The Department of Internal Affairs conducted interviews and collected testimonies from survivors. One of the recommendations of the final report was to acknowledge and apologize for the boarding school era. Haaland said she conveyed it to Biden, who agreed it was necessary.

“By apologizing, the President acknowledges that as a people who love our country, we must remember and teach all of our history, even if it is painful. We must learn from this history so that it never repeats itself,” the White House said in a statement.

The policy of forced assimilation begun by Congress in 1819 as an attempt to “civilize” Native Americans ended in 1978 with the passage of a sweeping law, the Indian Child Welfare Act, which focused primarily on allowing tribes to decide who would adopt their children. kids.

Biden and Haaland’s visit to the Gila River Indian community comes as Vice President Kamala Harris’ campaign has spent hundreds of millions of dollars on ads targeting Native Americans in battleground states including Arizona and North Carolina.

“This will be one of the most important moments of my life,” Haaland said of Biden’s Friday apology.

It is unclear what action, if any, will be taken following the apology. The Department of the Interior continues to work with tribal nations to repatriate children’s remains to federal lands. Some tribes remain in conflict with the U.S. military, which has refused to abide by federal law governing the return of Native American remains for those still buried at the Carlisle Indian School in Pennsylvania.

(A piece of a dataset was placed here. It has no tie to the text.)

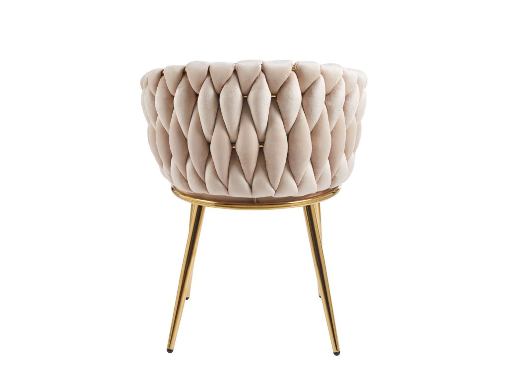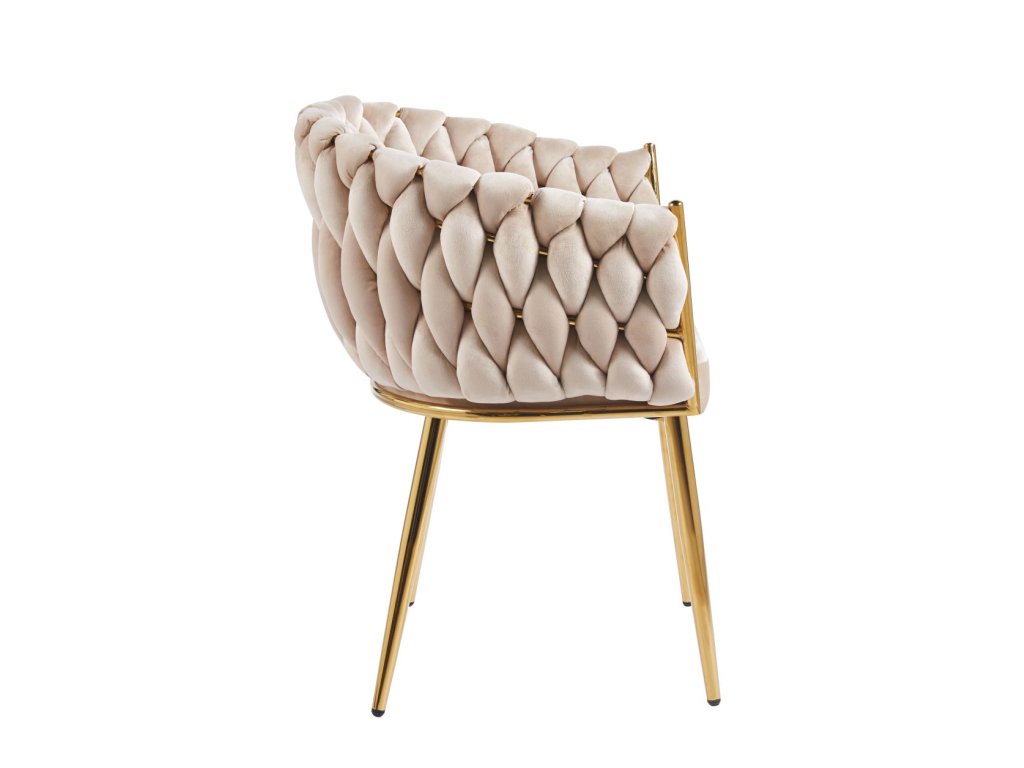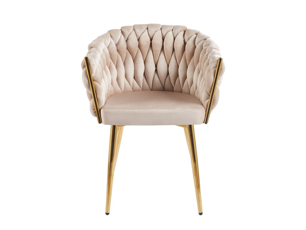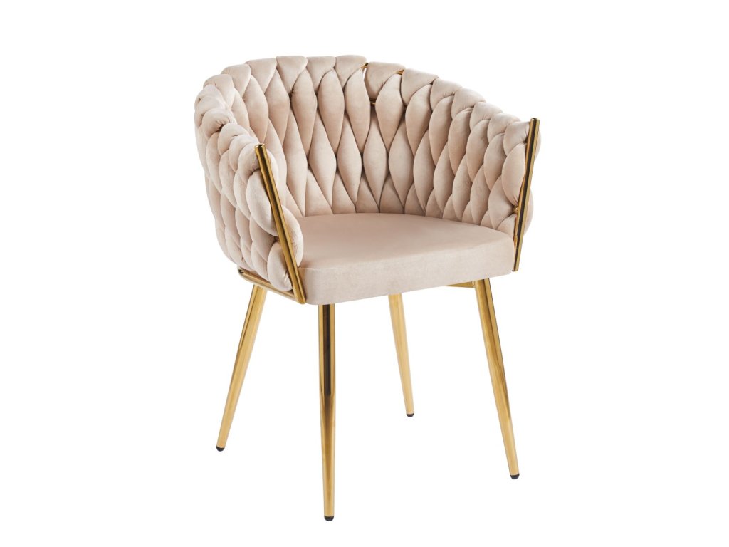 Táto luxusná zamatová prepletaná stolička je skutočným dizajnovým skvostom, ktorý okamžite upúta pozornosť a stane sa dominantným prvkom vášho interiéru. Vďaka originálnemu prepletanému operadlu, jemnému velvetu a elegantným zlatým nohám stolička dokonale zapadne do moderných aj glamour interiérov.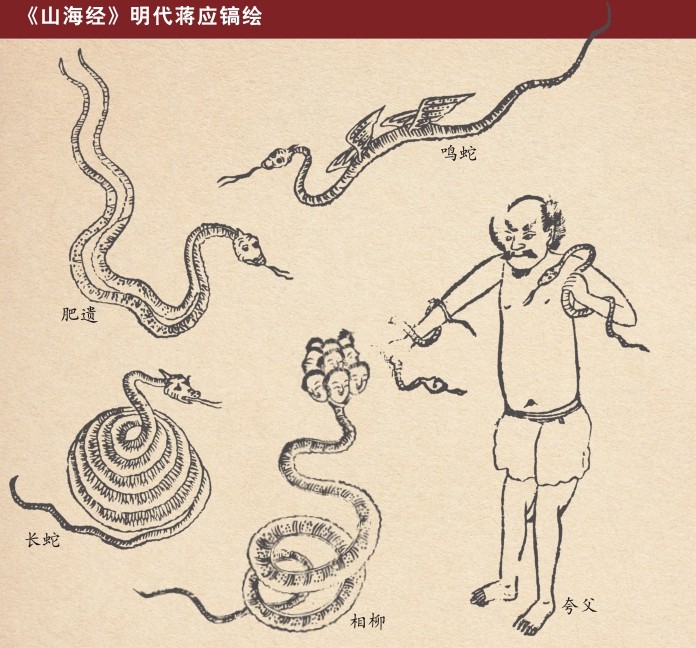 作为自然界的重要生物,蛇很早就进入华夏先民的视野中。神话文本《山海经》中就列出了肥遗、大蛇、螣蛇、长蛇、化蛇、鸣蛇、象蛇、育蛇、虺蛇等多种蛇类。这些形态各异的蛇被先民附着了太多的神异传说,成为先民原始信仰的重要内容:如肥遗,据说有六足四翼,它出现的地方就会大旱;又如长蛇,据说毛如猪鬃,鸣叫如梆子声;等等。

“President Biden’s apology is an important moment for Native people across the country,” Cherokee Nation Principal Chief Chuck Hoskin Jr. said in a statement to the AP.

“Our children were created to live in a world that has erased their identity, their culture and upended their spoken language,” Hoskin said in his statement. “Oklahoma was home to 87 boarding schools attended by thousands of our Cherokee children. To this day, almost every citizen of the Cherokee Nation feels its impact in some way.”

Friday’s apology could lead to further progress for tribal nations that continue to press for further action from the federal government, said Melissa Nobles, MIT chancellor and author of “The Politics of Officer Apologies.”

“These things have value because they validate survivors’ experiences and confirm that someone saw them,” Nobles said.

The U.S. government has apologized for other historical injustices, including against Japanese families imprisoned during World War II. President Ronald Reagan signed the Civil Liberties Act in 1988 to compensate tens of thousands of people sent to internment camps during the war.

In 1993, President Bill Clinton signed a bill apologizing to Native Hawaiians for overthrowing the Hawaiian monarchy a century earlier.

In 2008 and 2009, the House and Senate passed resolutions apologizing for slavery and Jim Crow segregation. But these gestures did not pave the way for reparations for Black Americans.

In Canada, a country with a similar history of subjugating First Nations and forcing their children into residential schools to assimilate, former Prime Minister Stephen Harper issued a formal apology in 2008. There was also a truth and reconciliation process, and later plans to inject billions of dollars into communities devastated by government policies.

In 2022, Pope Francis, in a historic apology for the Catholic Church’s cooperation with Canada’s Indigenous residential school policy, stated that the forced assimilation of Indigenous people into Christian society had destroyed their culture, broken up families and marginalized generations.

“I humbly beg forgiveness for the evil committed by so many Christians against indigenous peoples,” Francis said.

In 2008, Australian Prime Minister Kevin Rudd formally apologized to Aboriginal and Torres Strait Islander people for his government’s past assimilation policies, including the forced removal of children. New Zealand Prime Minister Jacinda Ardern made a similar concession in 2022.

Hoskin said he is grateful to both Biden and Haaland for leading the effort to reckon with the country’s role in a dark chapter for indigenous people. However, he stressed that the apology is only “an important step that must be followed by further action.”